The largely uncontested relevant facts were discussed at length in Magistrate Judge Wall's R&R and will be amplified in the Court's discussion only to the extent necessary.

DISCUSSION

A court may adopt those portions of a report and recommendation to which the parties do not object and with which the court finds no clear error. See Fed. R. Civ. P. 72(b); see also Grassia v. Scully, 892 F.2d 16, 19 (2d Cir. 1989). However, the district court applies a de novo standard of review to those parts of the report to which any party objects. See Fed. R. Civ. P. 72(b). Although the School Defendants submit that the Court should apply a clearly erroneous standard in reviewing Judge Wall's R&R because plaintiffs failed to submit "proper objections," see Reply to Objections at 1, plaintiffs, albeit minimally, adequately point to specific sections of Judge Wall's R&R to which they object. Accordingly, the Court reviews the R&R under a de novo standard. See United States v. Tortora, 30 F.3d 334, 338 (2d Cir. 1994). The Court considers such objections and may accept, reject, or modify the recommended decision. See Fed. R. Civ. P. 72(b).

Plaintiffs make the following four objections to the Magistrate Judge's R&R: (1) the Magistrate Judge erred in limiting its state action finding to Coonelly's report of the May 9, 2002 incident of alleged child abuse to CPS; (2) the Magistrate Judge failed to properly apply the summary judgment standard to plaintiffs' due process and equal protection claims; (3) the Magistrate Judge erred in finding no material facts were in dispute as to whether the School Defendants acted in bad faith, with malice or negligence in the reporting of plaintiffs to CPS; and (4) the Magistrate Judge erred in finding qualified immunity where the underlying material issues relating to intent, racial animus or motive were in dispute. See Objections at 2.

I. State Action

Plaintiffs contend that Judge Wall "erroneously limited the scope [of his finding of state] action to Coonelly's call to CPS." See Objections at 3. Specifically, plaintiffs contend that Finkelstein and the Day School were also state actors because Finkelstein conducted "investigatory" questioning of TC, "agreed with and approved Coonelly's actions of reporting the incident to CPS," and was involved in the CPS investigation, when she insisted that the senior caseworker McCray question TC. See Objections at 4. The Court disagrees with plaintiffs and further disagrees with the magistrate judge to the extent that he concluded that any of the School Defendants were state actors under the facts and circumstances of this case.

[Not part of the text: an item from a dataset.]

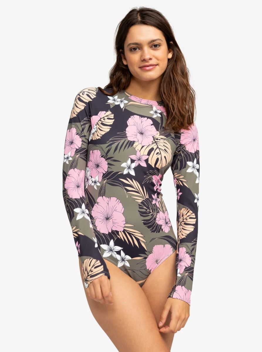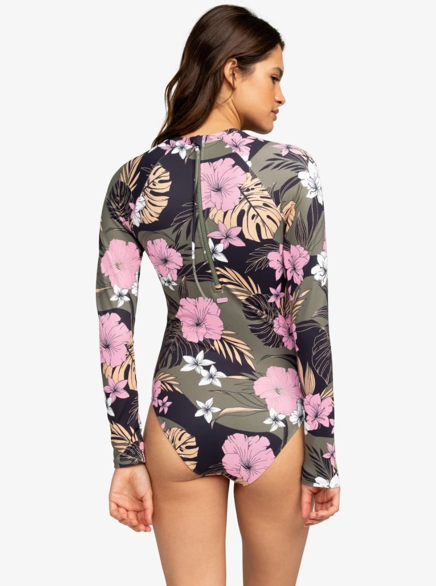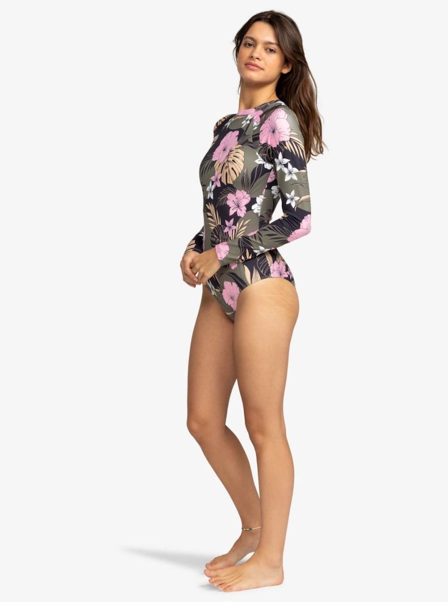 Licra de Surf con manga larga Roxy Pro The Overhead en color Antracita Floral para mujer

To establish a claim under § 1983, plaintiffs must demonstrate "(1) that the conduct complained of was committed by a person acting under color of state law, and (2) that such conduct deprived the plaintiff of a right, privilege, or immunity secured by the Constitution or laws of the United States." Dwyer v. Regan, 777 F.2d 825, 828 (2d Cir. 1985). Traditionally, privately owned schools, which have be likened to other private corporations, such as nursing homes and hospitals, are not state actors. See Rendell-Baker v. Kohn, 457 U.S. 830, 840-43, 102 S.Ct. 2764, 73 L.Ed. 2d 418 (1983). However, in 2000, the Second Circuit held that where a traditionally private entity is acting as "reporting and enforcement machinery for [] a government agency charged with detection and prevention of child abuse and neglect," such an entity is a state actor. See Kia v. McIntyre, 235 F.3d 749, 756-57 (2d Cir. 2000), cert. denied, Kia P. ex rel. Mora P. v. New York City, 534 U.S. 820, 122 S.Ct. 51, 151 L.Ed. 2d 21 (2001). In Kia, parents of a newborn baby filed a § 1983 action against a hospital for retaining the baby, who tested positive for methadone and exhibited methadone withdrawal symptoms, after releasing its mother. Id. at 751-53. A hospital social worker, a mandated reporter under state law, notified the local Child Welfare Administration ("CWA"), who began an investigation. Id. at 753. Approximately one week later, the hospital received negative test results from a second methadone test and the newborn was medically cleared for release. Id. However, the hospital did not release the baby until a few days later, when CWA informed the hospital that CWA was not going to seek custody of the newborn. Id. The Second Circuit found that retaining the baby for the first week for medical reasons did not render the hospital a state actor. Id. at 756-57. However, once the newborn received medical clearance and was not released, the hospital was acting as both a "reporting and enforcement machinery [emphasis added] for CWA" and was thus a state actor subject to § 1983 liability. Id.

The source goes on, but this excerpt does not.